Task prompt: Every line from the one with "图:岱琳在佛罗伦萨的咖啡馆写论文" up to and including the one with "夏のオンライン就農相談会を開催します" is to be output exactly as it appears below; pictures are not.
_ _ _ _ _
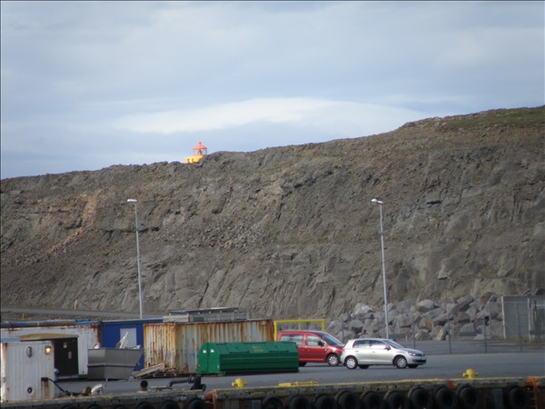 Þarna efst sjáum við Hólmsbergsvita frá öðru sjónarhorni en venjulega þ.e. úr Helguvík © mynd Emil Páll, 15. ágúst 2011
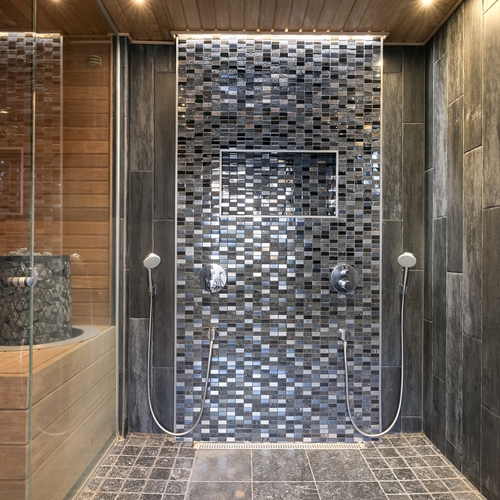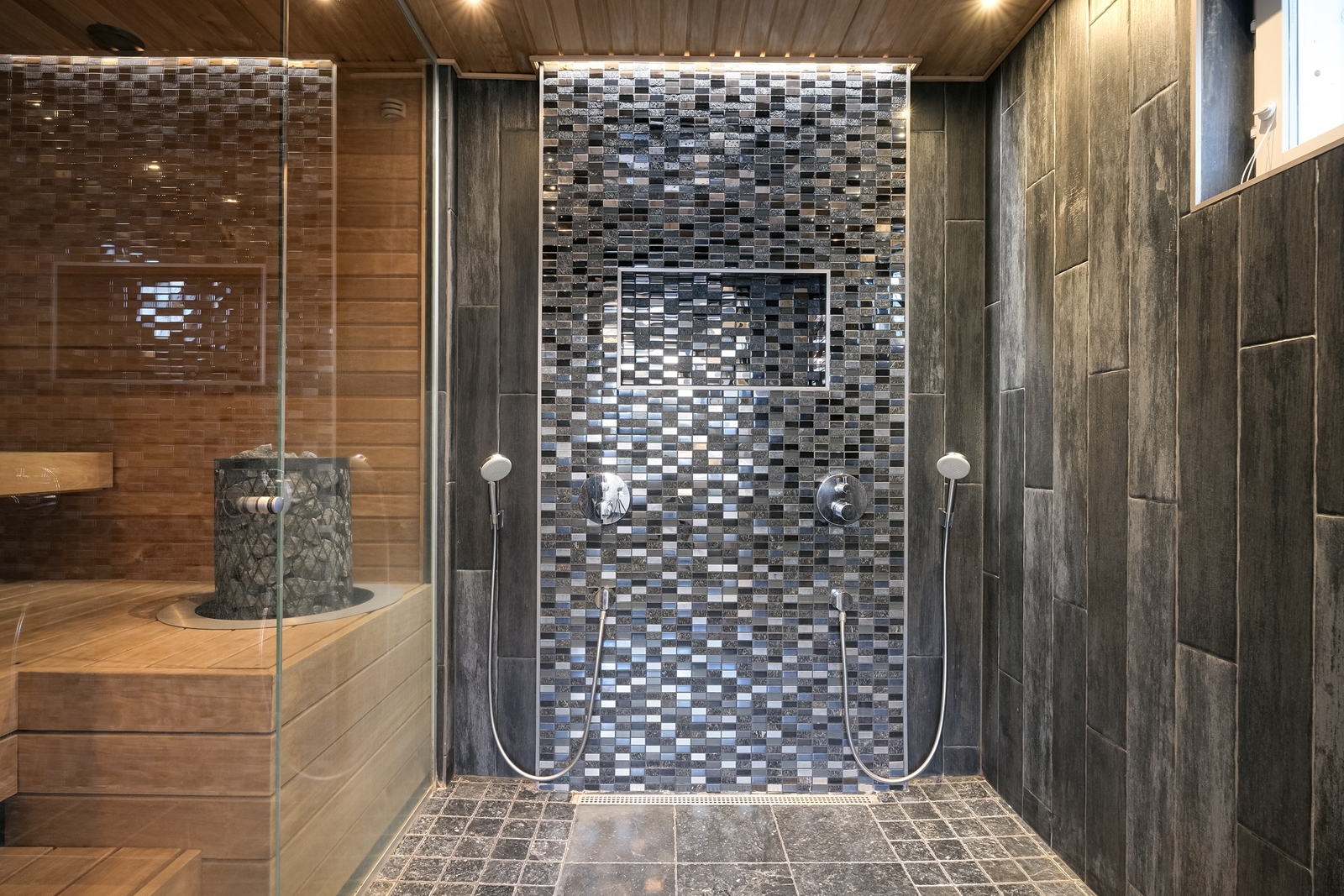 Tunnelmallinen saunaosasto, jossa hieno valaistus ja mm. kaiuttimet musiikin kuunteluun.
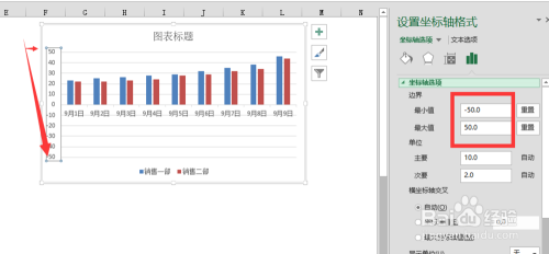 单击纵坐标值,右键鼠标,在弹出的列表选择设置坐标轴格局。
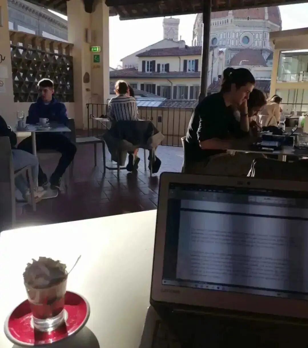 图:岱琳在佛罗伦萨的咖啡馆写论文
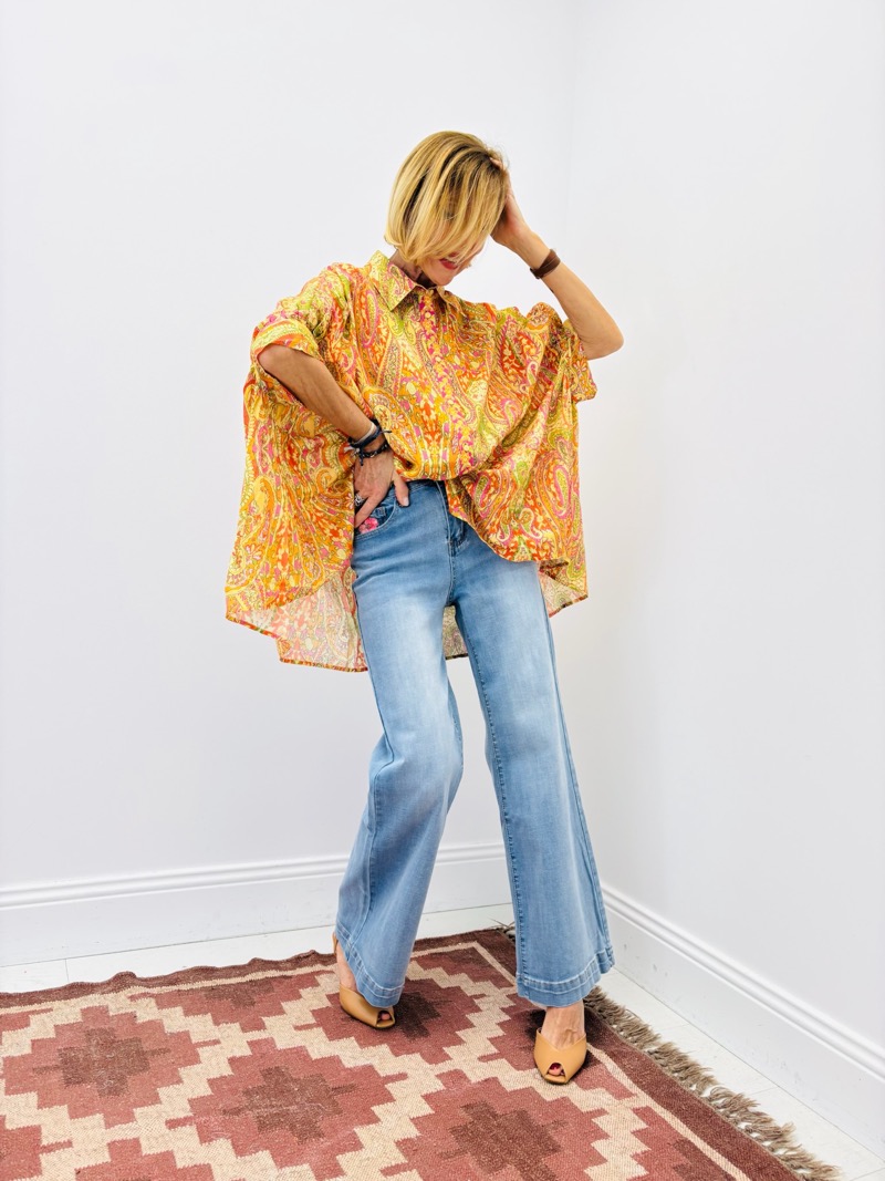 Cette chemise oversize à imprimé paisley revisite l’esprit bohème avec une palette vibrante mêlant orange, jaune soleil, rose fuchsia et touches de vert. Une vraie pièce “coup d’œil” parfaite pour dynamiser une vitrine ou un live.
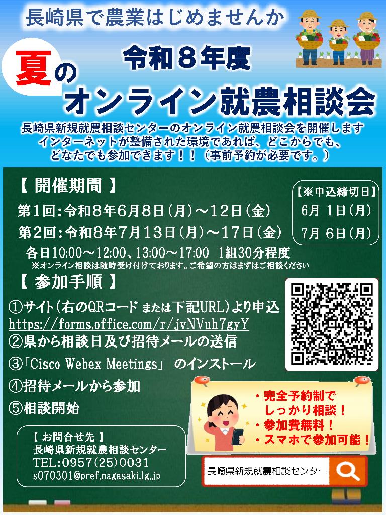 夏のオンライン就農相談会を開催します
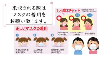 今回,ご来校いただくにあたり,保護者の皆様におかれましても,新型コロナウイルス感染拡大予防についてご理解・ご協力いただきますよう,よろしくお願い申し上げます。マスクの着用,上履きの持参と共に,校舎に入られましたら手洗いをお願い致します。各教室には消毒も置いていますのでご活用ください。なお,体調が優れない場合は,遠慮なさらずに申し出てください。宜しくお願い致します。
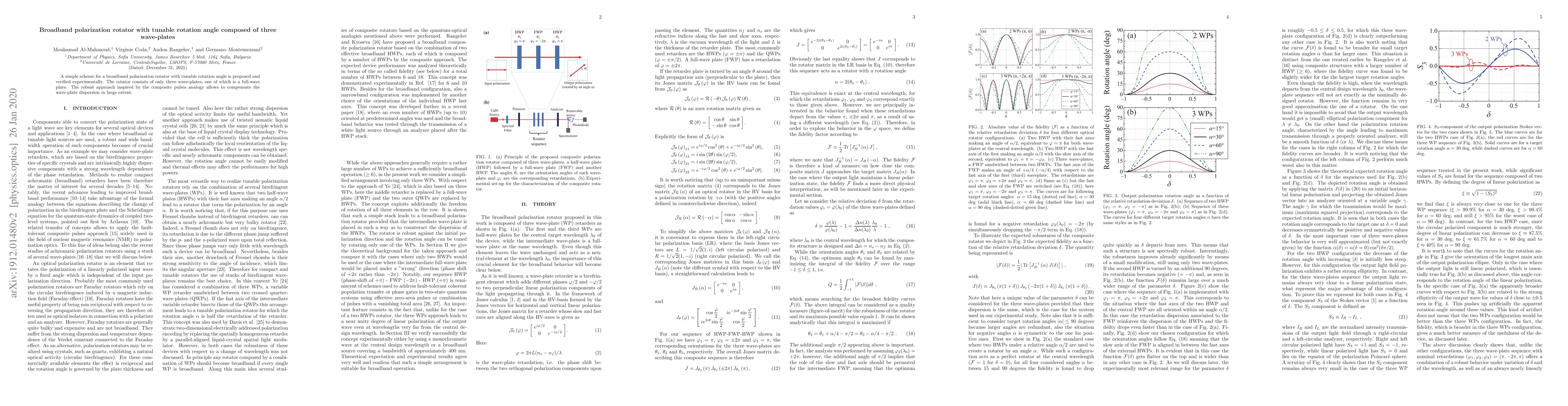 Summary: This paper proposes and verifies a broadband polarization rotator using three wave-plates, including a full-wave plate, enabling tunable rotation angle. The design leverages composite pulses analogy to effectively compensate for wave-plate dispersion.
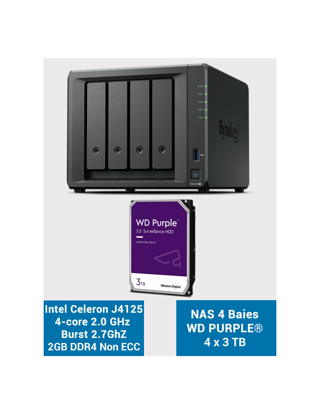 Synology DS423+ 2GB Servidor NAS WD PURPLE 12TB (4x3TB)
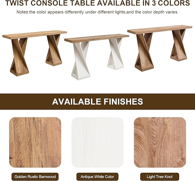 - Innovative Twisted geometric form Design: The rustic console table masters the art of simplicity. The distinctive twisted shape enhances the texture and spatial presence of this exceptional piece. Cool and contemporary and a vibe that’s warm and inviting. Your warm and welcoming disposition is reflected in the charming geometry elements and Weathered rustic texture finish. Even with its poise, this storage hallway table remains practical.
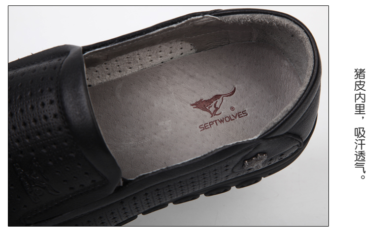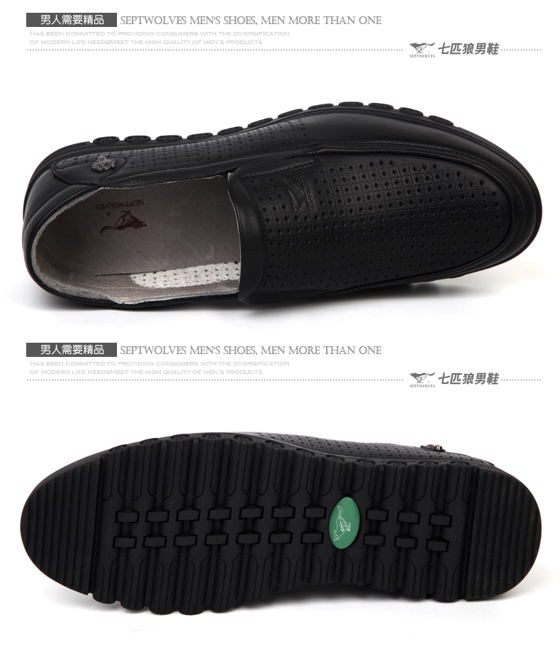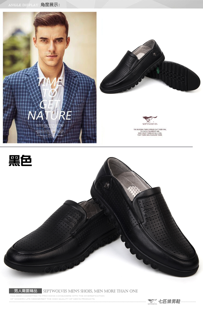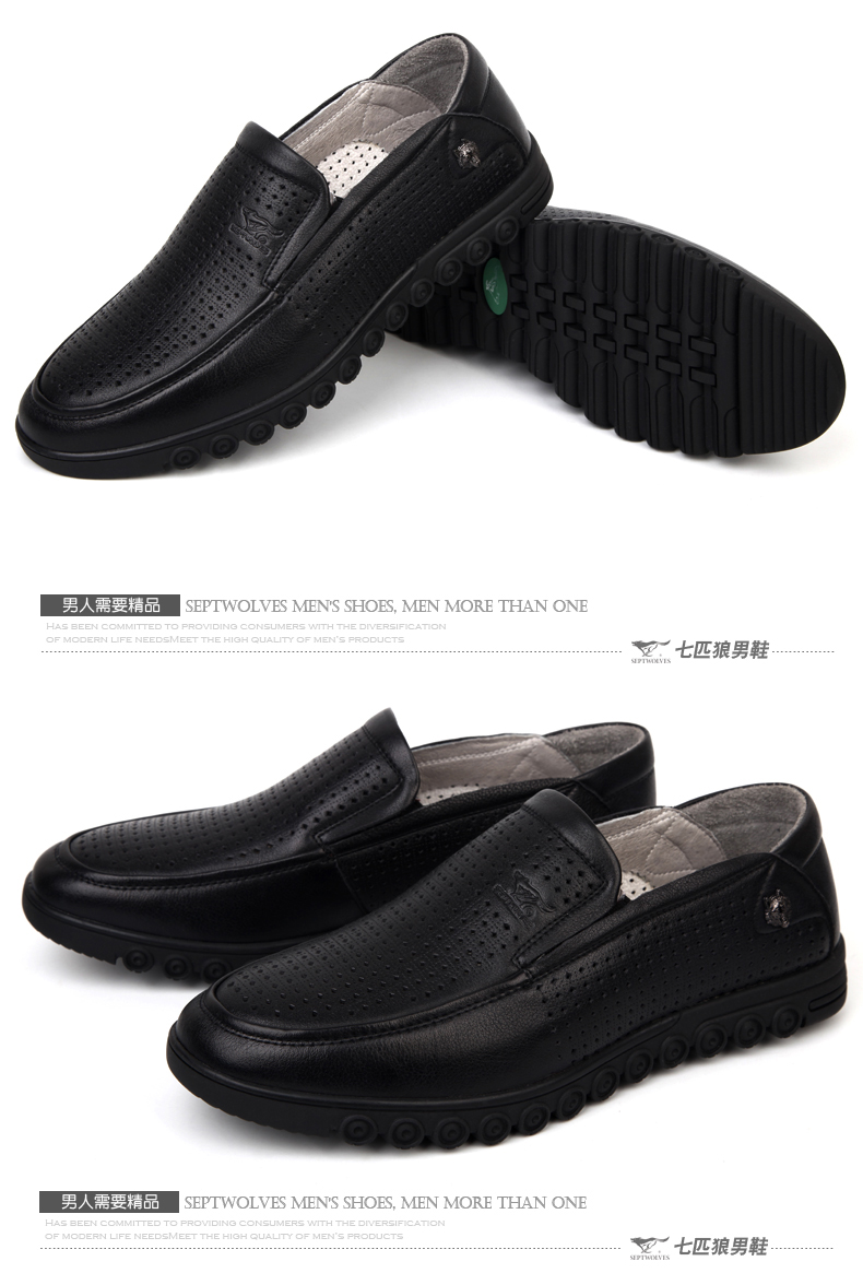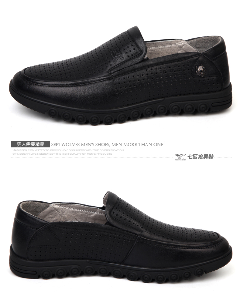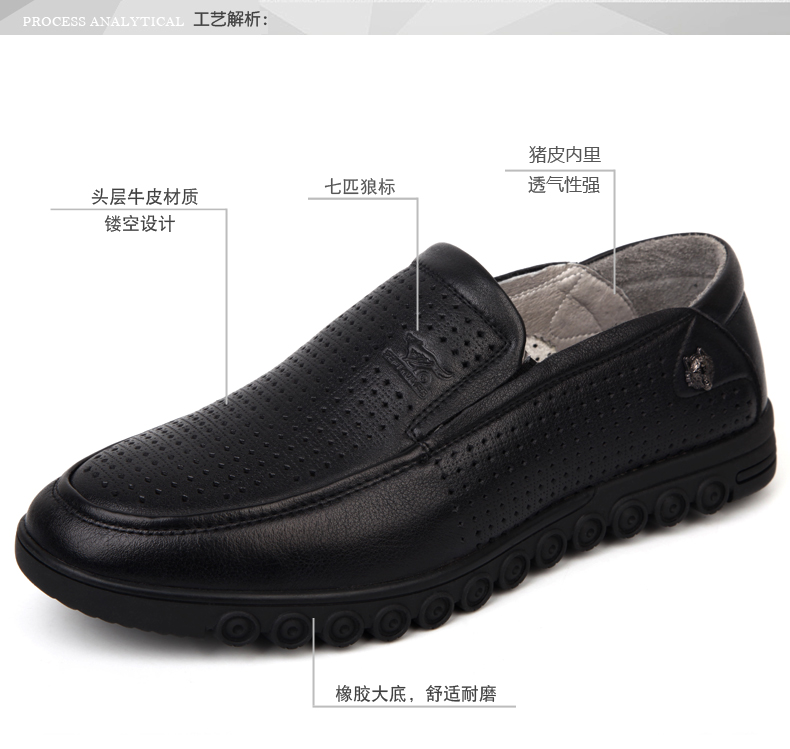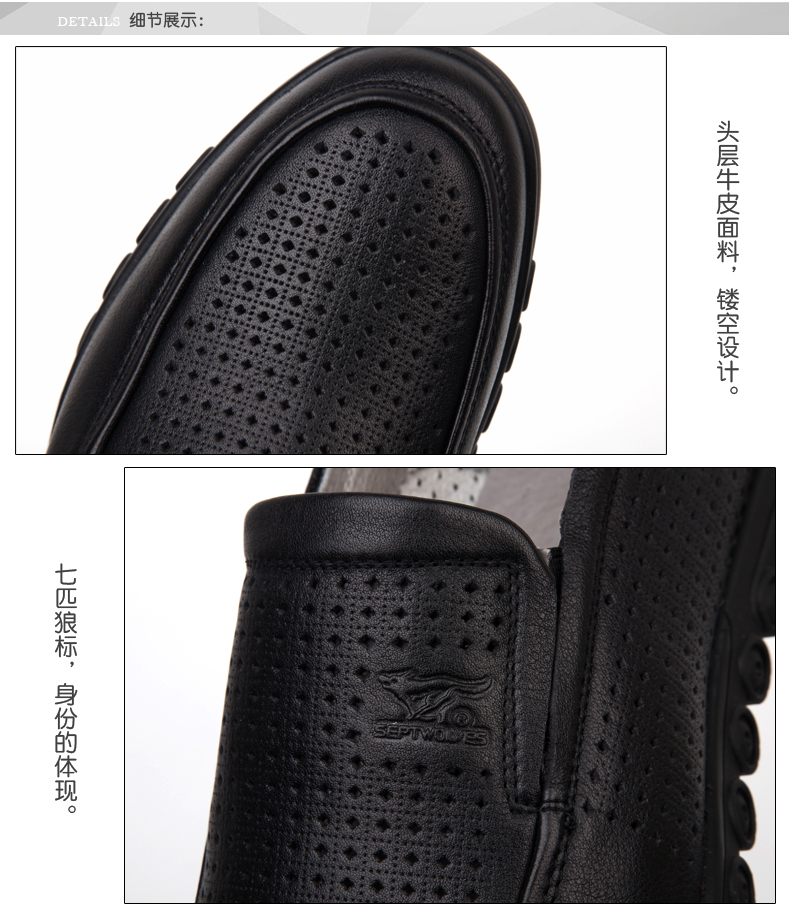 商品名称:七匹狼 皮凉鞋男士头层牛皮镂空打孔男鞋夏时尚透气真皮黑皮鞋
_ _ _ _ _
Answer box:
 图:岱琳在佛罗伦萨的咖啡馆写论文
 Cette chemise oversize à imprimé paisley revisite l’esprit bohème avec une palette vibrante mêlant orange, jaune soleil, rose fuchsia et touches de vert. Une vraie pièce “coup d’œil” parfaite pour dynamiser une vitrine ou un live.
 夏のオンライン就農相談会を開催します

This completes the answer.